_Your instructions_
Set down only these lines, exactly: the line containing "Agentes com aeronave" and all lines through the end of the data below. Omit pictures.

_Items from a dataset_
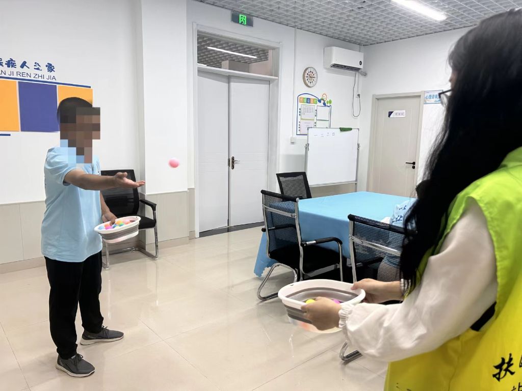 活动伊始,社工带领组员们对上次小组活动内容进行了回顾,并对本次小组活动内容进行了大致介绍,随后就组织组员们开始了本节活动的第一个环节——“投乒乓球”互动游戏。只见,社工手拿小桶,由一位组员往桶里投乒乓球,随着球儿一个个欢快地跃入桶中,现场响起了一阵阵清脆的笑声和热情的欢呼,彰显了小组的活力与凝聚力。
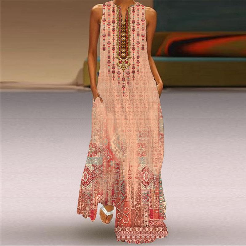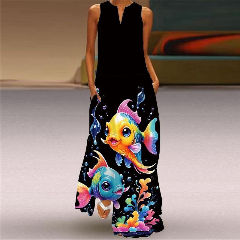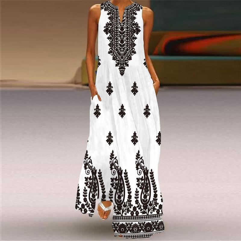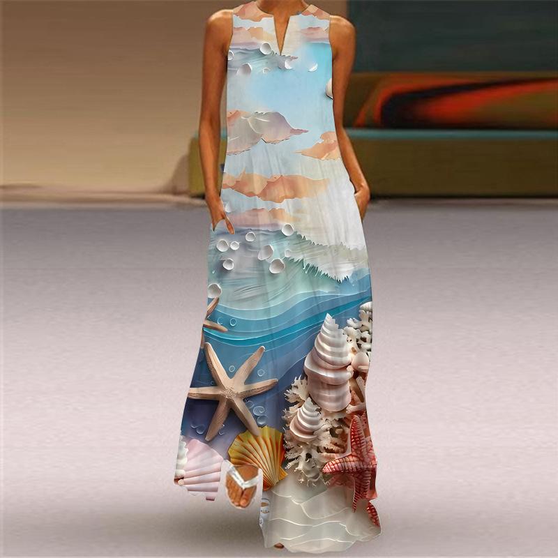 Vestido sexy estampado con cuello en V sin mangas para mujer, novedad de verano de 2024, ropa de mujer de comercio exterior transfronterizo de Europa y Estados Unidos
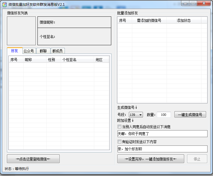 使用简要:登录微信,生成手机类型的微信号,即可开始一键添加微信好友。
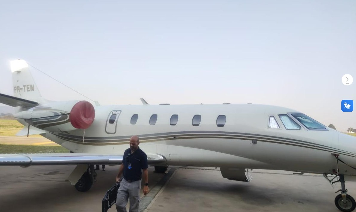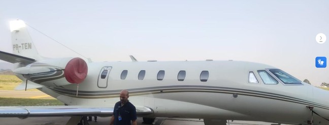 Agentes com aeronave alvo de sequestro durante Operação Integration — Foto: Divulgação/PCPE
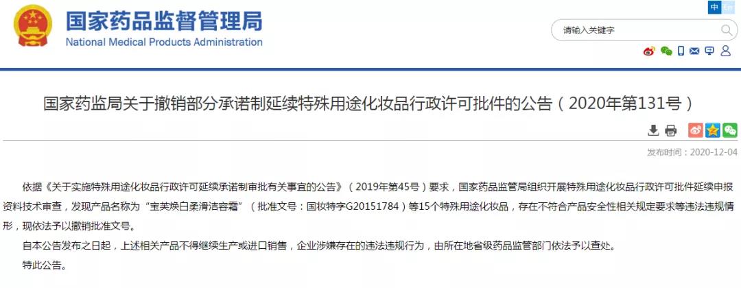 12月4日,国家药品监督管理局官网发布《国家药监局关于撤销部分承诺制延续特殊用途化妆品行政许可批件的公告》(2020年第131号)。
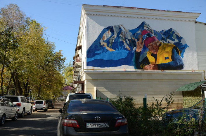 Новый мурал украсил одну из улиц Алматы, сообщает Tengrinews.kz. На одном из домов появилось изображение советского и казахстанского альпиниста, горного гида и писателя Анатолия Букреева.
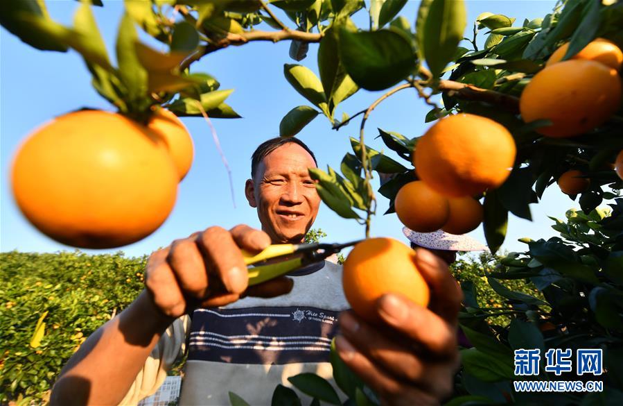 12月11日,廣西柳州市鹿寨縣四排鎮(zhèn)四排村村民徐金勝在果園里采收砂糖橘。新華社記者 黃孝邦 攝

_Written answer_
 Agentes com aeronave alvo de sequestro durante Operação Integration — Foto: Divulgação/PCPE
 12月4日,国家药品监督管理局官网发布《国家药监局关于撤销部分承诺制延续特殊用途化妆品行政许可批件的公告》(2020年第131号)。
 Новый мурал украсил одну из улиц Алматы, сообщает Tengrinews.kz. На одном из домов появилось изображение советского и казахстанского альпиниста, горного гида и писателя Анатолия Букреева.
 12月11日,廣西柳州市鹿寨縣四排鎮(zhèn)四排村村民徐金勝在果園里采收砂糖橘。新華社記者 黃孝邦 攝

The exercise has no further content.